I rarely click on articles that appear in my Google feed. Even if there’s an article from BuzzFeed or the Boston Globe that I kinda want to click on, I do my best not to so Google doesn’t convince itself to shove it in my face. Same goes for other major publications. When I’m on social media, I almost never click on an article shared by someone else from a mainstream publication. That’s not because “FAKE NEWS” or anything like that. The thing I distrust the most is myself and my ability to consistently cut through all the layers that put this content in front of me.


Who’s sharing this article and why? Even if I try not to let it, that information is going to play a role in how I consume a news item. What I want more than anything for the news, in general, is a place to go and read it, unfiltered, good or bad, without feeling like an algorithm has decided what’s good for me. My suggestion: social media platforms, with their immense capital, should either build their own editorial operations or buy news outlets.

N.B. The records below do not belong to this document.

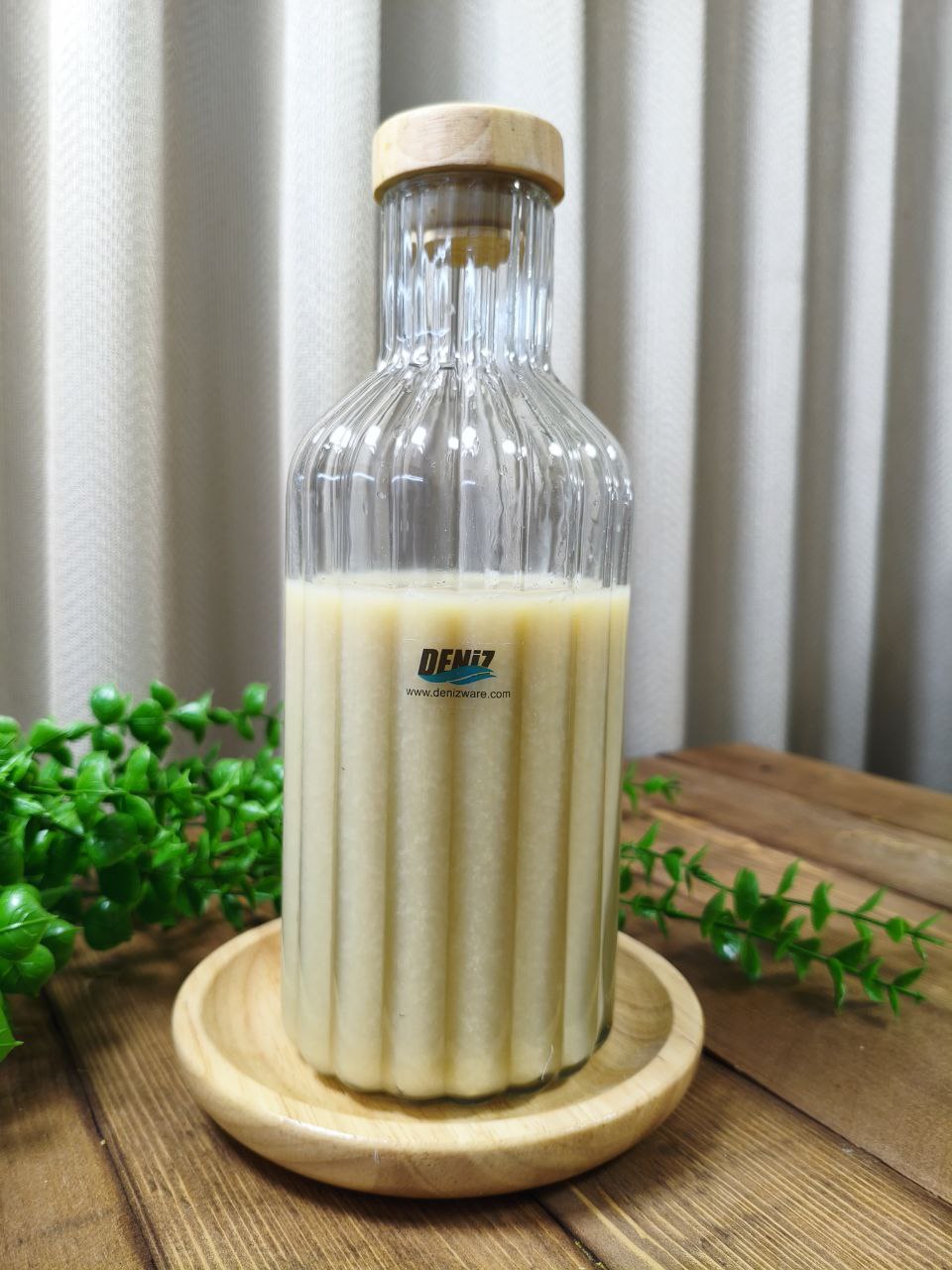 بطری آب و شربت شیشهای شیاردار درب بامبو دنیز بطری آب کنار تخت (شب راحت آب بخور) پارچ شربت، لیموناد، موهیتو، دتاکس واتر بطری شیر، شیرکاکائو، آبمیوه طبیعی
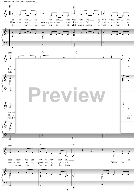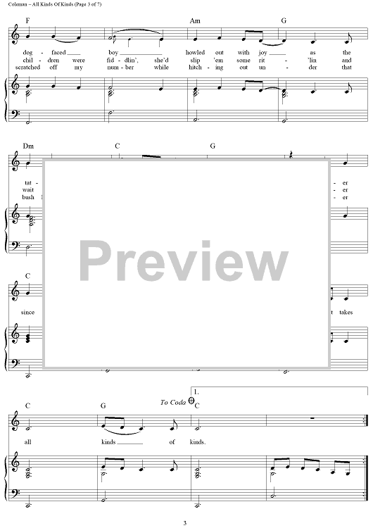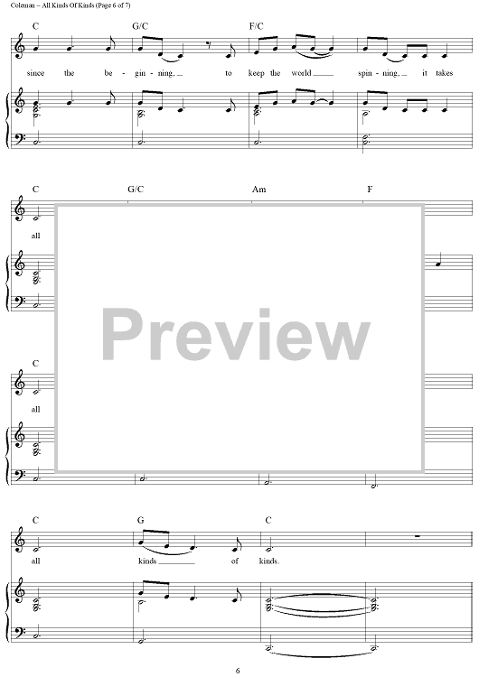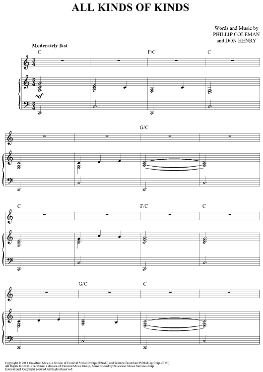 Digital Sheet Music for All Kinds of Kinds by Don Henry, Phillip Coleman, Miranda Lambert scored for Piano/Vocal/Chords; id:443784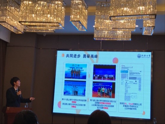 本次老员工科技活动交流会分为口头报告和墙报展讲两部分。来自各高校总计36位优秀本科生各显风采,汇报了本科阶段科研训练经历、项目进展和感想,并与其他与会同学进行了深入的交流。公司2020级拔尖班谭睿皓同学向大会作了题为“以科创为翅膀,促成长助飞翔”的口头报告,并与现场师生进行了深入热烈的讨论与交流,获得大会优秀报告奖。在28日晚的墙报展讲活动中,2020级应化班唐嘉屿同学、拔尖班宫正合、卞佳林同学以及2021级拔尖班王子同学就各自在研究课题过程中的代表性成果制作了精美的墙报,并在墙报沙龙活动中进行展示,和与会师生围绕科研工作积极讨论,交流心得体会,学术气氛浓烈。经过专家评审和现场师生投票,最终宫正合同学获评大会优秀墙报奖。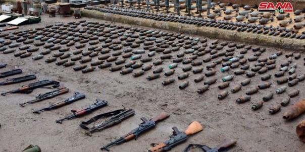 Корреспондент агентства САНА в Хомсе сообщил, что при содействии местного населения при прочесывании местности, освобожденной от бандформирований, были обнаружены тепловые ракеты, «адские пушки», пулеметы, пистолеты, снайперские винтовки и различные боеприпасы.

When I say, build their own editorial operations, I don’t mean I bullshit task forces or corporate think tanks that comb over how platforms are used and try to curate an “authentic,” “trustworthy” environment. I mean invest in skilled reporters to publish the news for, hypothetically, the Facebook Times. Instead of building a separate website, tailor the platform so that reporters can write their items directly on the page, like ordinary comments.


Why should social media platforms buy news outlets? To avoid the redundancies that make the internet a dumpster fire. I try my best not to like social media or allow search engines to filter my thoughts, but even still, 80 percent of the time those are the only URLs I’ll bother typing in the search bar, out of habit and efficiency. But like I said, I rarely click. I read enough headlines and hear enough chatter to get a general sense of things, then move on.


I want to care enough to read the news again. I believe having centralized hubs built within platforms that billions already use anyway could, in the long run, help untangle the information knots created by link sharing and rapid redirection to external sites with competing agendas and motives. I want to pay attention to the news but I can’t keep track of where it’s all coming from and why.